As previously noted, ROS activate the NFKB signalling pathway [17, 25]. Copper’s impact on NFKB regulation is complex and context-dependent, showing both inhibitory and activating effects. It is generally thought to inhibit or have no effect in adaptive immune cells, while activating NFKB in detoxifying organs such as the liver [26]. In vivo, copper exposure increases NFKB activity and proinflammatory cytokines (IL1B, IL8, TNF) in the liver [27]. Similarly, the toxic milk mouse model, which mimics Wilson’s disease, exhibits elevated NFKB levels in early life, followed by a decline [26, 28]. Increased TNF levels, associated with NFKB, have also been observed in WD patients [29] and animal models [14]. In vitro, high copper concentrations (0.4–0.6mM) have been shown to activate NFKB in HepG2 cells [24], and this activation appears crucial for cell survival under copper stress [26]. In the present study, low copper levels did not affect NFKB promoter activity in either HepG2 or HepG2 ATP7B-KO cells, despite increased NFKB-related cytokine levels in the culture medium. This response may be similar to that observed in toxic milk mice [26, 28] or could result from CuCl₂-induced toxicity, as cell viability dropped to 60% at 0.6mmol/l. The underlying mechanisms remain unclear.

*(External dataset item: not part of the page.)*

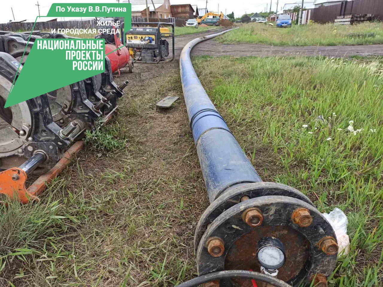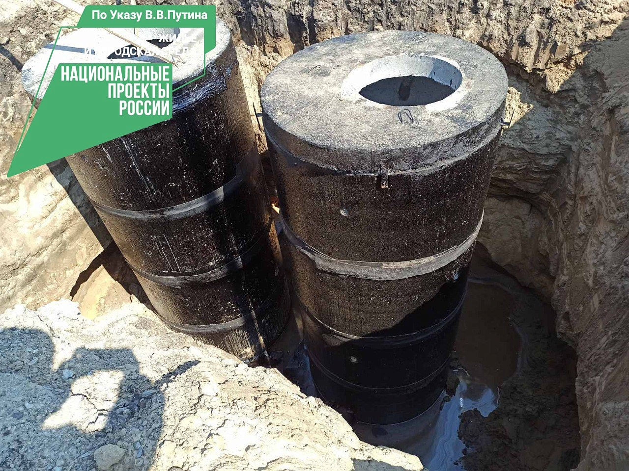 На сегодня, по сведениям заказчика, выполнены: разработка грунта в траншеи с водоотливом и укреплением стенок траншеи, обратная засыпка с уплотнением, укладка трубопроводов, разработка стартового и приемного котлована, устройство закрытого подземного перехода для труб. Продолжается подготовка территории строительства, монтаж сетей водоснабжения, устройство колодцев и пожарных гидрантов, благоустройство территории, установка ограждения и ворот с калиткой.

In the cell culture model of Wilson’s disease, excessive copper accumulation unleashed a cascade of cellular stress responses, including autophagy, oxidative stress, and inflammation driven in part by the dysregulation of key signalling hubs such as NFKB and AP1. These critical mechanisms behind copper-related cell death underscore the importance of this model for developing molecular targets for future therapeutic strategies aimed at halting WD progression at its core.